─── Supplied data
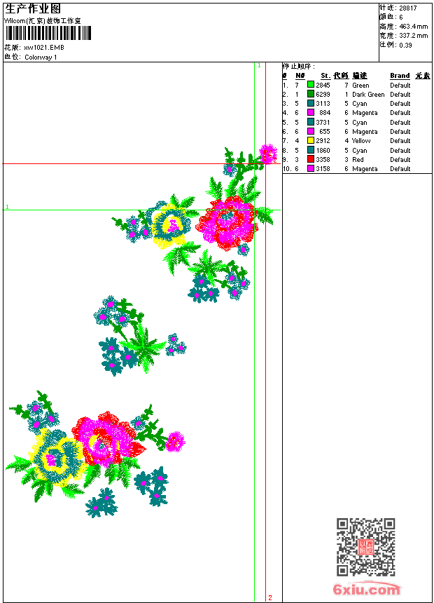 - emb花版参数: 大小:197.50 KB / 尺寸:337*463[毫米] / 针数:28817针 / 线色:6 / 格式:emb / 版本:9
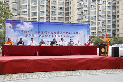 本次演練由集團(tuán)安全運(yùn)營(yíng)部、北部區(qū)域中心聯(lián)合舉辦,臨沂中能、泗洪偉業(yè)承辦,泗洪消防隊(duì)配合參演。演練以泗洪公司某燃?xì)庥脩艏抑邪l(fā)生燃?xì)獗际鹿蕿楸尘啊c艉楣局蛋嘣拕?wù)員接小區(qū)用戶事故報(bào)警后立即響應(yīng),搶險(xiǎn)人員15分鐘后趕到事發(fā)現(xiàn)場(chǎng),迅速采取了現(xiàn)場(chǎng)警戒、切斷氣源、搶救傷者、疏散群眾、監(jiān)測(cè)燃?xì)鉂舛?、消除火源等?yīng)急措施,同時(shí)向公司領(lǐng)導(dǎo)匯報(bào)了現(xiàn)場(chǎng)情況。公司領(lǐng)導(dǎo)根據(jù)現(xiàn)場(chǎng)情況迅速啟動(dòng)公司級(jí)應(yīng)急搶險(xiǎn)預(yù)案。演練過(guò)程中,對(duì)現(xiàn)場(chǎng)取證、媒體采訪、恢復(fù)供氣、事故用戶資料準(zhǔn)備、事故調(diào)查等工作也進(jìn)行了模擬。
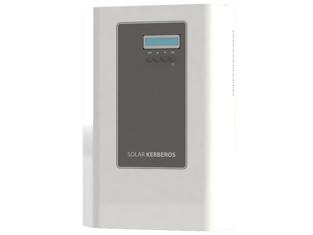 SOLAR KERBEROS je systém pro fotovoltaický akumulační ohřev vody se sledováním bodu maximálního výkonu (MPPT), který zajišťuje efektivní využití energie z fotovoltaických panelů.Solární systém SOLAR KERBEROS slouží k úspornému ohřevu vody pomocí energie ze solárních panelů. Díky technologii MPPT (Maximum Power Point Tracking) průběžně optimalizuje výkon panelů a maximalizuje využití vyrobené energie. DC/DC měnič zajišťuje vysokou účinnost systému a inteligentní řízení minimalizuje potřebu energie ze sítě.Systém je navržen pro jednoduchou instalaci a kompatibilitu s běžnými elektrickými bojlery. Umožňuje efektivní akumulaci energie ve formě ohřáté vody a poskytuje přehled o vyrobené i spotřebované energii.VÝHODY: Vysoká účinnost díky technologii MPPT Jednoduchá a nenákladná instalace Nízké zatížení střešní konstrukce Nejlevnější forma akumulace energie – ohřev vody Kompatibilní s běžnými elektrickými bojlery Efektivní ohřev vody i při proměnlivém slunečním záření Měření vyrobené i spotřebované energie Autodiagnostika systému Jednoduché ovládání Vyvinuto a vyrobeno v České republice Patentovaná technologieOBLASTI VYUŽITÍ: Rodinné domy Rekreační objekty a chaty Kontejnerové a modulární bydlení Tiny house projekty Instalace v programech typu NZÚ LightZÁKLADNÍ VLASTNOSTI: Typický instalovaný výkon fotovoltaických panelů: 2 – 3,3 kWp Doporučený výkon topného tělesa: 2 – 2,5 kW Regulace teploty: 10 – 80 °C Tepelná pojistka: ANO (elektronická)TECHNICKÁ DATA: Vstupní napětí naprázdno (limity): 160 – 340 VDC Rozsah MPP trackeru: 140 – 310 VDC Maximální proud: 10 A Maximální účinnost: 99 % Síťový přívod: 230 VAC / 50 Hz Maximální vstupní proud: 13 A Rozměry (v × š × h): 434 × 300 × 104 mm Hmotnost: 6 kg Krytí: IP20 Provozní teplota: +5 až +40 °C Skladovací teplota: −10 až +40 °C Maximální relativní vlhkost: 75 % (nekondenzující).
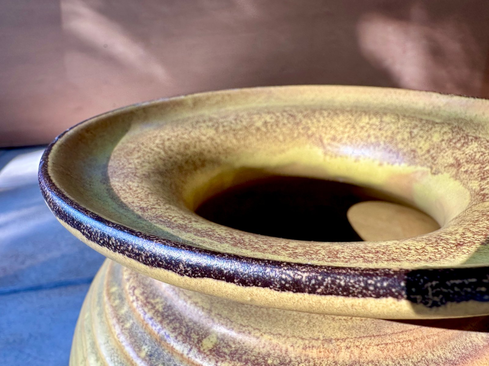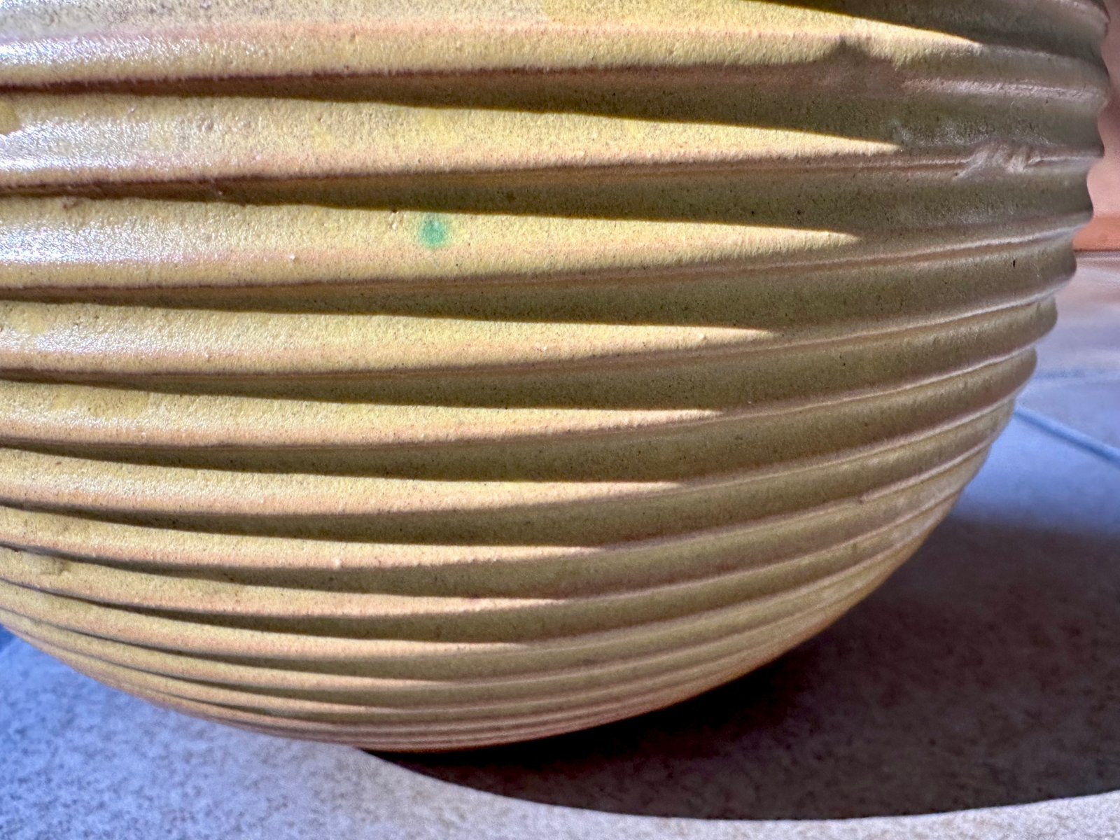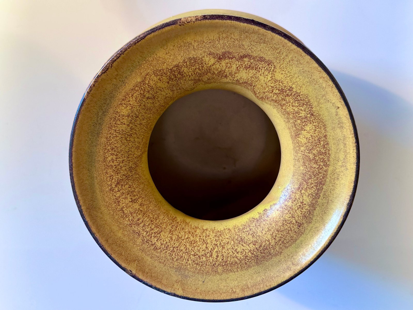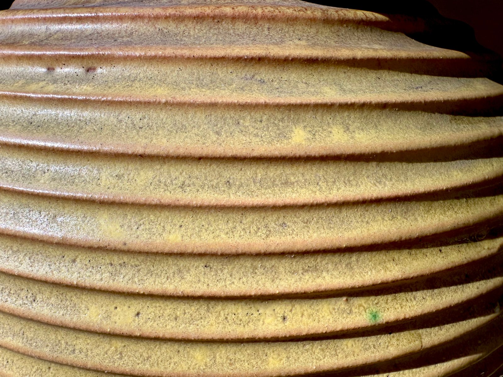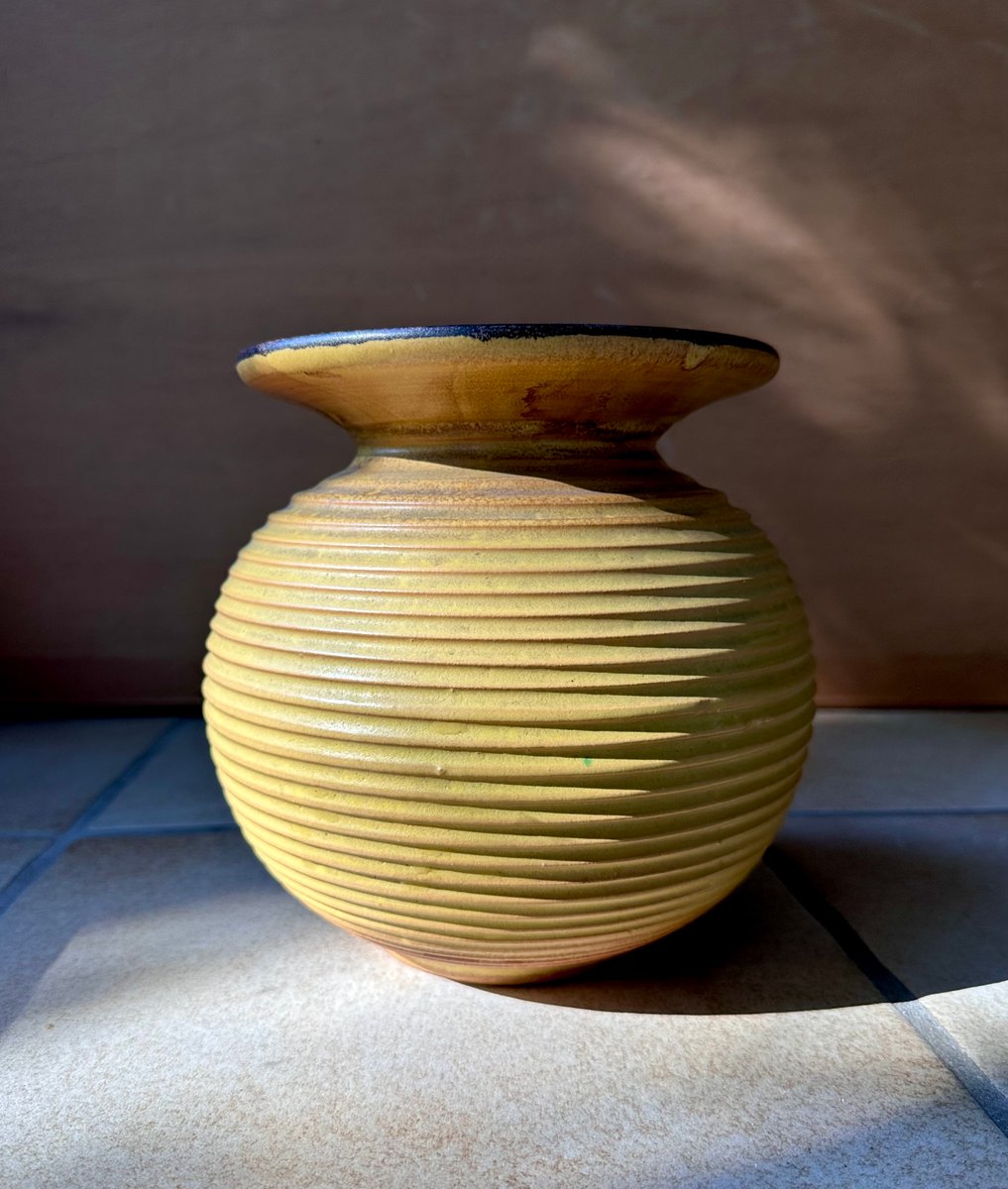 Art Deco Ceramic Vase attributed to Carstens Uffrecht with Ribbed Decor in Ochre Yellow, Germany 1930s
──────
▶ **Your task**: The full listing, reproduced exactly and without pictures, is the expected output.

▶ **Output of the task**:
 - emb花版参数: 大小:197.50 KB / 尺寸:337*463[毫米] / 针数:28817针 / 线色:6 / 格式:emb / 版本:9
 本次演練由集團(tuán)安全運(yùn)營(yíng)部、北部區(qū)域中心聯(lián)合舉辦,臨沂中能、泗洪偉業(yè)承辦,泗洪消防隊(duì)配合參演。演練以泗洪公司某燃?xì)庥脩艏抑邪l(fā)生燃?xì)獗际鹿蕿楸尘啊c艉楣局蛋嘣拕?wù)員接小區(qū)用戶事故報(bào)警后立即響應(yīng),搶險(xiǎn)人員15分鐘后趕到事發(fā)現(xiàn)場(chǎng),迅速采取了現(xiàn)場(chǎng)警戒、切斷氣源、搶救傷者、疏散群眾、監(jiān)測(cè)燃?xì)鉂舛?、消除火源等?yīng)急措施,同時(shí)向公司領(lǐng)導(dǎo)匯報(bào)了現(xiàn)場(chǎng)情況。公司領(lǐng)導(dǎo)根據(jù)現(xiàn)場(chǎng)情況迅速啟動(dòng)公司級(jí)應(yīng)急搶險(xiǎn)預(yù)案。演練過(guò)程中,對(duì)現(xiàn)場(chǎng)取證、媒體采訪、恢復(fù)供氣、事故用戶資料準(zhǔn)備、事故調(diào)查等工作也進(jìn)行了模擬。
 SOLAR KERBEROS je systém pro fotovoltaický akumulační ohřev vody se sledováním bodu maximálního výkonu (MPPT), který zajišťuje efektivní využití energie z fotovoltaických panelů.Solární systém SOLAR KERBEROS slouží k úspornému ohřevu vody pomocí energie ze solárních panelů. Díky technologii MPPT (Maximum Power Point Tracking) průběžně optimalizuje výkon panelů a maximalizuje využití vyrobené energie. DC/DC měnič zajišťuje vysokou účinnost systému a inteligentní řízení minimalizuje potřebu energie ze sítě.Systém je navržen pro jednoduchou instalaci a kompatibilitu s běžnými elektrickými bojlery. Umožňuje efektivní akumulaci energie ve formě ohřáté vody a poskytuje přehled o vyrobené i spotřebované energii.VÝHODY: Vysoká účinnost díky technologii MPPT Jednoduchá a nenákladná instalace Nízké zatížení střešní konstrukce Nejlevnější forma akumulace energie – ohřev vody Kompatibilní s běžnými elektrickými bojlery Efektivní ohřev vody i při proměnlivém slunečním záření Měření vyrobené i spotřebované energie Autodiagnostika systému Jednoduché ovládání Vyvinuto a vyrobeno v České republice Patentovaná technologieOBLASTI VYUŽITÍ: Rodinné domy Rekreační objekty a chaty Kontejnerové a modulární bydlení Tiny house projekty Instalace v programech typu NZÚ LightZÁKLADNÍ VLASTNOSTI: Typický instalovaný výkon fotovoltaických panelů: 2 – 3,3 kWp Doporučený výkon topného tělesa: 2 – 2,5 kW Regulace teploty: 10 – 80 °C Tepelná pojistka: ANO (elektronická)TECHNICKÁ DATA: Vstupní napětí naprázdno (limity): 160 – 340 VDC Rozsah MPP trackeru: 140 – 310 VDC Maximální proud: 10 A Maximální účinnost: 99 % Síťový přívod: 230 VAC / 50 Hz Maximální vstupní proud: 13 A Rozměry (v × š × h): 434 × 300 × 104 mm Hmotnost: 6 kg Krytí: IP20 Provozní teplota: +5 až +40 °C Skladovací teplota: −10 až +40 °C Maximální relativní vlhkost: 75 % (nekondenzující).
 Art Deco Ceramic Vase attributed to Carstens Uffrecht with Ribbed Decor in Ochre Yellow, Germany 1930s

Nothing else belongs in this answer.